# factrix — LLM reference

> factrix is a polars-native Python library that answers one question for a given
> factor signal: **Does this factor carry statistical edge?** It runs the
> appropriate statistical procedure (IC regression, Fama-MacBeth, CAAR event
> study, or timeseries beta) based on a three-axis config, returns a structured
> result with a p-value and warning flags, and screens large candidate sets with
> per-family BHY FDR correction.
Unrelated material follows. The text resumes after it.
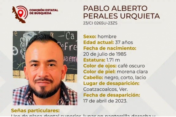 Coatzacoalcos, Ver. AGENCIAS La Comisión Estatal de Búsqueda, reportó la desaparición de un hombre de 37 años de edad en Coatzacoalcos, al sur de la entidad veracruzana. Se trata de Pablo Alberto Perales Urquieta, es de morena clara, tiene ojos color café oscuro y cabello negro, corto y lacio. Como señas […]

Install:
> `uv pip install git+https://github.com/awwesomeman/factrix.git`

Source: https://github.com/awwesomeman/factrix
Docs: https://awwesomeman.github.io/factrix/
Full index: https://awwesomeman.github.io/factrix/llms.txt

---

## Core concept: three axes

Every analysis is specified by three orthogonal axes that together select the
statistical procedure.

**FactorScope** — who carries the factor value:
- `INDIVIDUAL` — each asset has its own factor value per date (cross-sectional
  signal, e.g. P/B ratio)
- `COMMON` — a single factor value is broadcast to all assets per date (macro
  signal, e.g. VIX)

**Signal** — the value type:
- `CONTINUOUS` — real-valued (returns, z-scores, raw fundamentals)
- `SPARSE` — `{0, R}` event trigger: zero on non-event entries, arbitrary real
  magnitude otherwise (event flags, regime dummies; canonical `{-1, 0, +1}`)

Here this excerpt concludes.